When you write out the listing, keep each word exactly as it stands but include none of its images.

------------------------------------------------------------

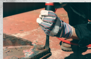
2BPG Chisel Scaler
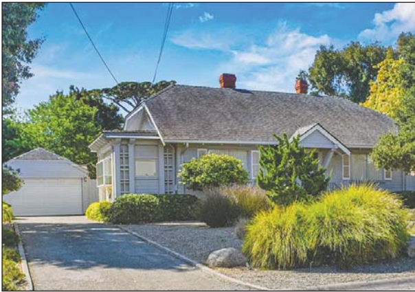
835 Bayview Avenue, Pacific Grove — $1,610,000
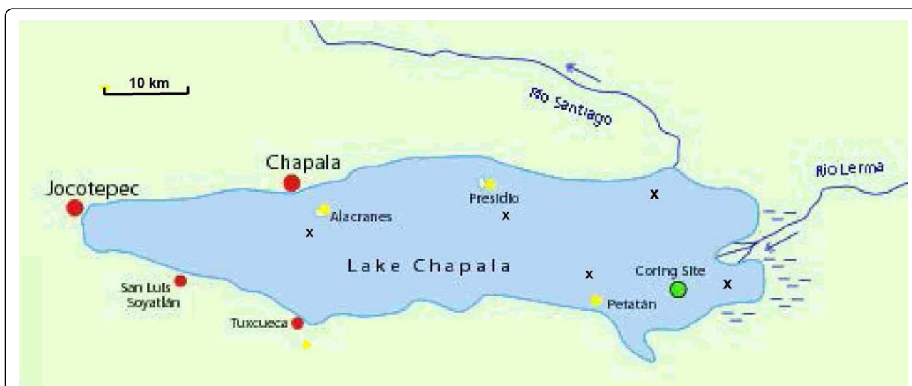
Figure 1 Map of Lake Chapala and Study Locations. Suspended particle sampling sites are shown as x's and named (Table 4) for nearby rivers (Lerma and Santiago) or islands.

Samples of fish from Lake Chapala, including commonly consumed carp, charales (whitefish), and tilapia were obtained by purchase from local fishermen who were observed catching the fish from the lake. The samples were originally stored at 0-4°C, but warmed to ambient temperature during the two-day transport to Rensselaer Polytechnic Institute (RPI). Subsequent testing (see Table S-2, Additional file 1) indicated that such handling does not significantly affect total mercury concentrations. Samples of skinless filet from tilapia and carp as well as headless, eviscerated charales, typical representations of "edible portions" of the respective species,
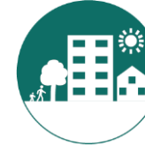
Urban quality of life
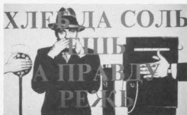
Annette Lemieux, Truth, 1989 . Latex and acrylic on canvas.

Because seating is limited, reservations are suggested and can be made by calling the offices. Funding for this program was provided in part by the Australian Film Commission.
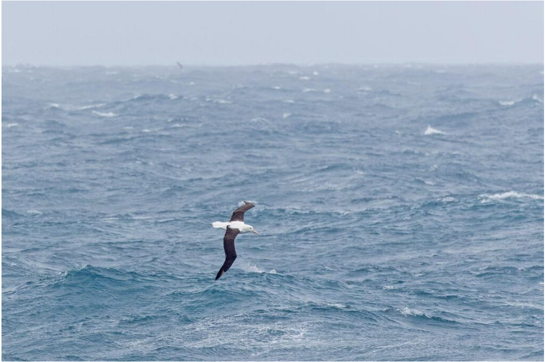
Northern Royal Albatross
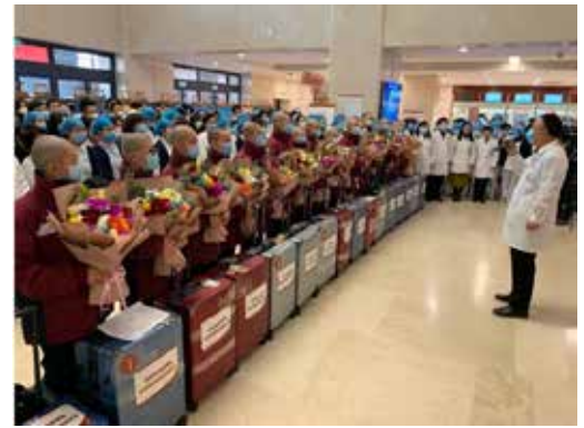
Fig. 1: Hospitals send medical teams to Wuhan.

From February onwards, female workers were included and “nurses at the frontline” became a high frequency phrase in news reports (Wumenglou-suibi 2020). Hospital social media accounts documented nurses shaving their heads to prepare for the mission (Gansu Maternal and Child Health Hospital 2020) (Fig. 1).
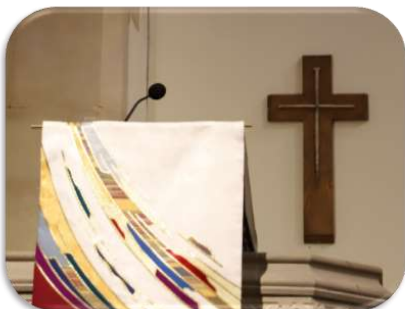
Christ Church Cathedral
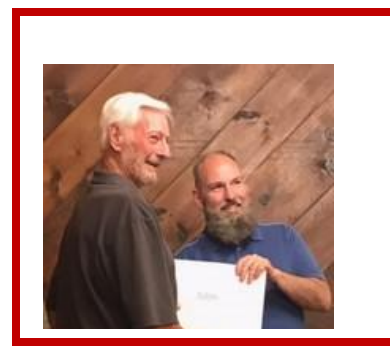
Walt McKenzie Commendation Award
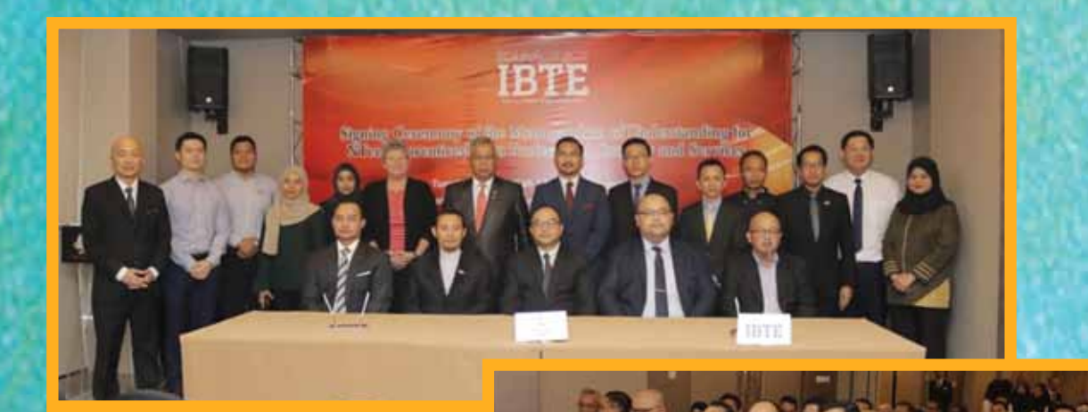
IBTE MANAGEMENT TEAM AND REPRESENTATIVES FROM FOOD AND BEVERAGES INDUSTRY

IBTE SIGNS MEMORANDUM OF UNDERSTANDING WITH FOOD AND BEVERAGES, TELECOMMUNICATIONS, AND AUTOMOTIVE COMPANIES
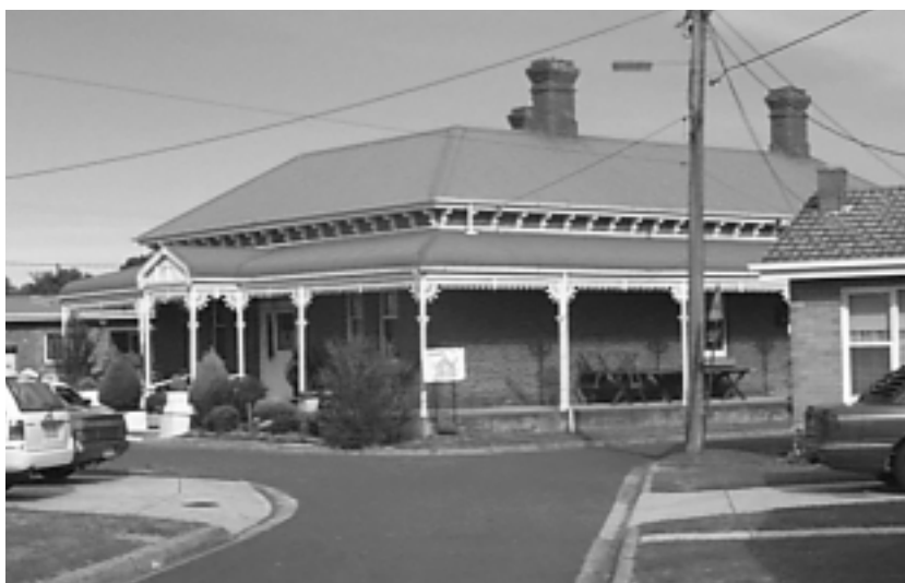
Figure 37 Thuruna, Dandenong

In 1966, Springvale Council transferred some land within Ericksen Gardens to the City of Springvale Elderly People's Society who were raising funds for housing. The Housing Commission of Victoria used this land to build 21 units in Springvale and also built 25 units in Mons Parade, Noble Park (Hibbins, 1984: 215-216). Springvale Council helped to finance a hostel for the frail aged, in Springvale Road, and this was opened in 1978.
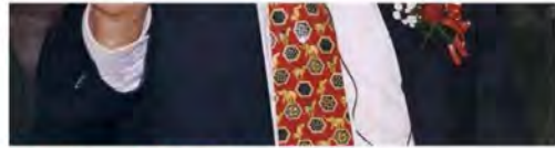
Sun Myung Moon 1st August 1996

'Religious organizations have always been centered upon the salvation of the individual, but we have now progressed to the salvation of the family. [...] Such an organization is not a church; it is the Family Federation for World Peace.'
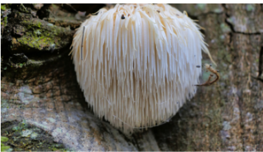
Figure 6. Lion's Mane Mushrooms

Pioppino mushrooms (Figure 5) are more traditional-looking mushrooms containing compounds with antioxidant, antiaging, and organ-protecting effects, as well as anti-inflammatory and anti-tumor properties.
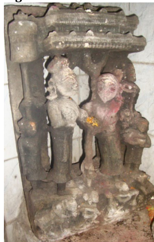
Figure 5 Radha-Krishna Image of Dhavalesvara Temple of Dhavalesvara, Cuttack
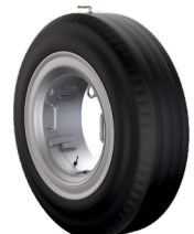
Envelope - Indag Full Skirt Envelopes
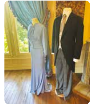
Copies of the wedding outfits worn by Duke of Windsor and Wallis Simpson
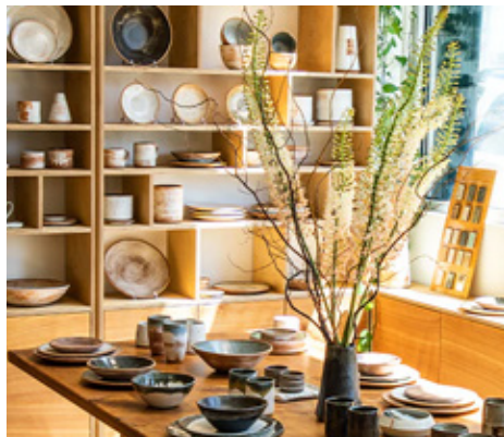
MM CLAY CERAMICS
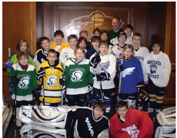
Kids on Ice hockey players
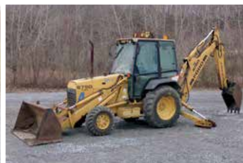
Ford-New Holland 675D 4x4
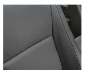
Exceed - Leather seat facings
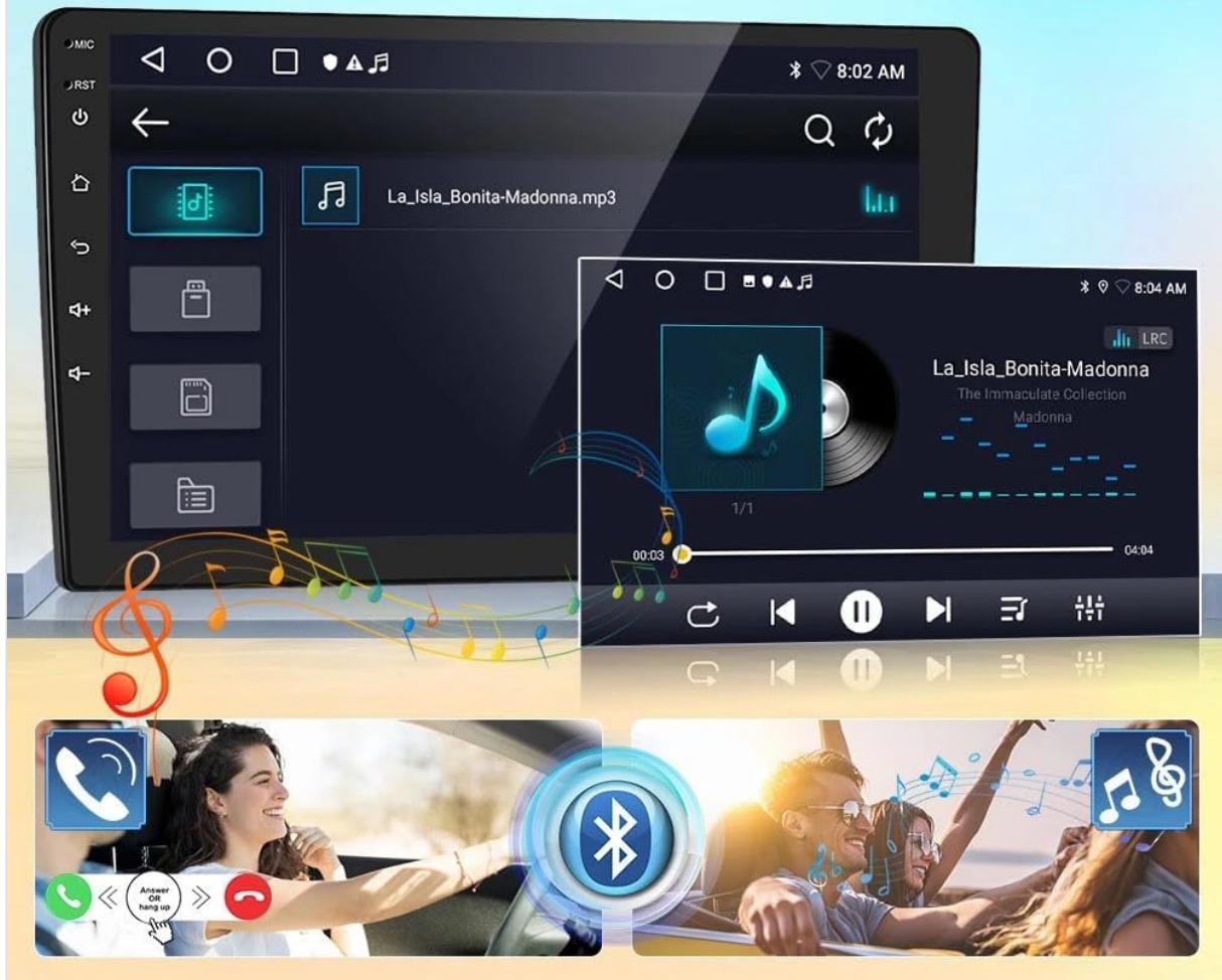
Image: Bluetooth interface showing music playback and call management.

Through BT, we can listen to music or answer hands-free calls while navigating, which greatly reduces driving risks
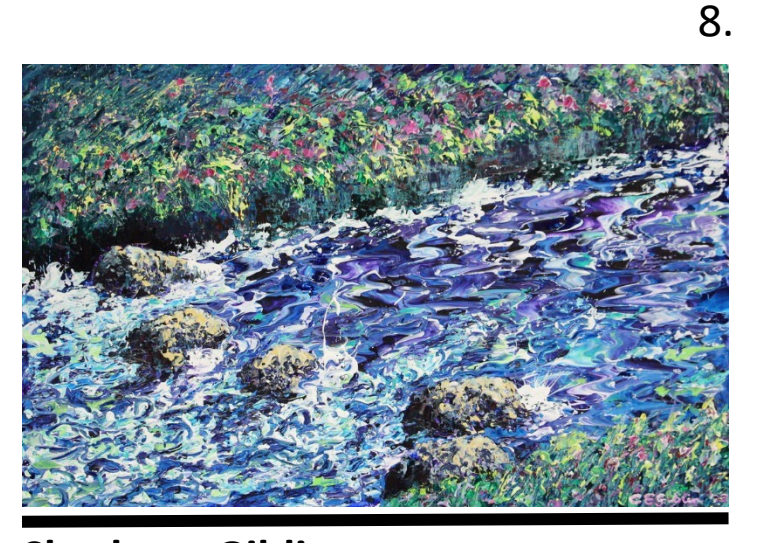
Charlotte Giblin The Crossing Acrylic with Gloss Varnish 405x605mm Price: $840
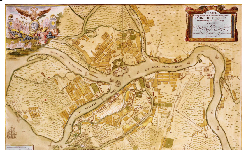
Fig. 1: St.Petersburg, 1737

During the recent three decades Russia has been a sort of a testing site for experiments in urban planning. In the early 18th century Peter I founded Saint-Petersburg, and the plan of the city was based on the idea of regularity. In the second half of the 18th century, the regular planning methods were spread to many cities of the Russian Empire. They were used both in building new cities and reconstructing old ones. During the reign of Catherine II, more then 160 (!) cities received "standard plans". The attitude to the city space was undergoing radical changes; this spave was strting to be formed by "street facades", rather than by auxiliary buildings bordering the estates [1].
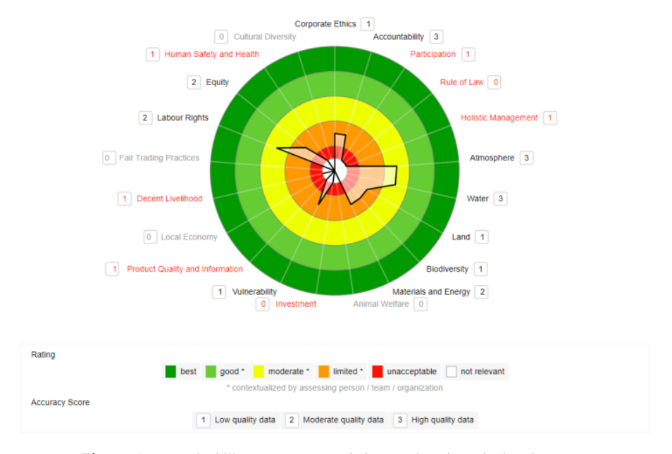
Figure 4a. Sustainability Assessment of the Food and Agricultural System Overall Performance for Worst-case Scenario

Under the worst-case scenario, sustainability performance exhibited severe deficiencies across governance, environmental management, and economic resilience dimensions. SAFA's
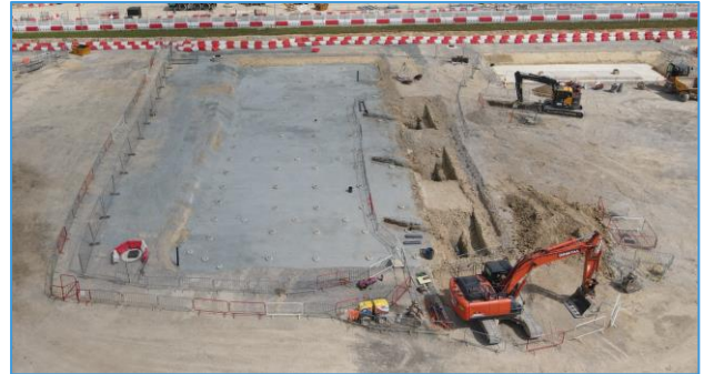
Transformer Yard and Relay Building

------------------------------------------------------------

**RESPONSE:**
2BPG Chisel Scaler
835 Bayview Avenue, Pacific Grove — $1,610,000
Figure 1 Map of Lake Chapala and Study Locations. Suspended particle sampling sites are shown as x's and named (Table 4) for nearby rivers (Lerma and Santiago) or islands.

Samples of fish from Lake Chapala, including commonly consumed carp, charales (whitefish), and tilapia were obtained by purchase from local fishermen who were observed catching the fish from the lake. The samples were originally stored at 0-4°C, but warmed to ambient temperature during the two-day transport to Rensselaer Polytechnic Institute (RPI). Subsequent testing (see Table S-2, Additional file 1) indicated that such handling does not significantly affect total mercury concentrations. Samples of skinless filet from tilapia and carp as well as headless, eviscerated charales, typical representations of "edible portions" of the respective species,
Urban quality of life
Annette Lemieux, Truth, 1989 . Latex and acrylic on canvas.

Because seating is limited, reservations are suggested and can be made by calling the offices. Funding for this program was provided in part by the Australian Film Commission.
Northern Royal Albatross
Fig. 1: Hospitals send medical teams to Wuhan.

From February onwards, female workers were included and “nurses at the frontline” became a high frequency phrase in news reports (Wumenglou-suibi 2020). Hospital social media accounts documented nurses shaving their heads to prepare for the mission (Gansu Maternal and Child Health Hospital 2020) (Fig. 1).
Christ Church Cathedral
Walt McKenzie Commendation Award
IBTE MANAGEMENT TEAM AND REPRESENTATIVES FROM FOOD AND BEVERAGES INDUSTRY

IBTE SIGNS MEMORANDUM OF UNDERSTANDING WITH FOOD AND BEVERAGES, TELECOMMUNICATIONS, AND AUTOMOTIVE COMPANIES
Figure 37 Thuruna, Dandenong

In 1966, Springvale Council transferred some land within Ericksen Gardens to the City of Springvale Elderly People's Society who were raising funds for housing. The Housing Commission of Victoria used this land to build 21 units in Springvale and also built 25 units in Mons Parade, Noble Park (Hibbins, 1984: 215-216). Springvale Council helped to finance a hostel for the frail aged, in Springvale Road, and this was opened in 1978.
Sun Myung Moon 1st August 1996

'Religious organizations have always been centered upon the salvation of the individual, but we have now progressed to the salvation of the family. [...] Such an organization is not a church; it is the Family Federation for World Peace.'
Figure 6. Lion's Mane Mushrooms

Pioppino mushrooms (Figure 5) are more traditional-looking mushrooms containing compounds with antioxidant, antiaging, and organ-protecting effects, as well as anti-inflammatory and anti-tumor properties.
Figure 5 Radha-Krishna Image of Dhavalesvara Temple of Dhavalesvara, Cuttack
Envelope - Indag Full Skirt Envelopes
Copies of the wedding outfits worn by Duke of Windsor and Wallis Simpson
MM CLAY CERAMICS
Kids on Ice hockey players
Ford-New Holland 675D 4x4
Exceed - Leather seat facings
Image: Bluetooth interface showing music playback and call management.

Through BT, we can listen to music or answer hands-free calls while navigating, which greatly reduces driving risks
Charlotte Giblin The Crossing Acrylic with Gloss Varnish 405x605mm Price: $840
Fig. 1: St.Petersburg, 1737

During the recent three decades Russia has been a sort of a testing site for experiments in urban planning. In the early 18th century Peter I founded Saint-Petersburg, and the plan of the city was based on the idea of regularity. In the second half of the 18th century, the regular planning methods were spread to many cities of the Russian Empire. They were used both in building new cities and reconstructing old ones. During the reign of Catherine II, more then 160 (!) cities received "standard plans". The attitude to the city space was undergoing radical changes; this spave was strting to be formed by "street facades", rather than by auxiliary buildings bordering the estates [1].
Figure 4a. Sustainability Assessment of the Food and Agricultural System Overall Performance for Worst-case Scenario

Under the worst-case scenario, sustainability performance exhibited severe deficiencies across governance, environmental management, and economic resilience dimensions. SAFA's
Transformer Yard and Relay Building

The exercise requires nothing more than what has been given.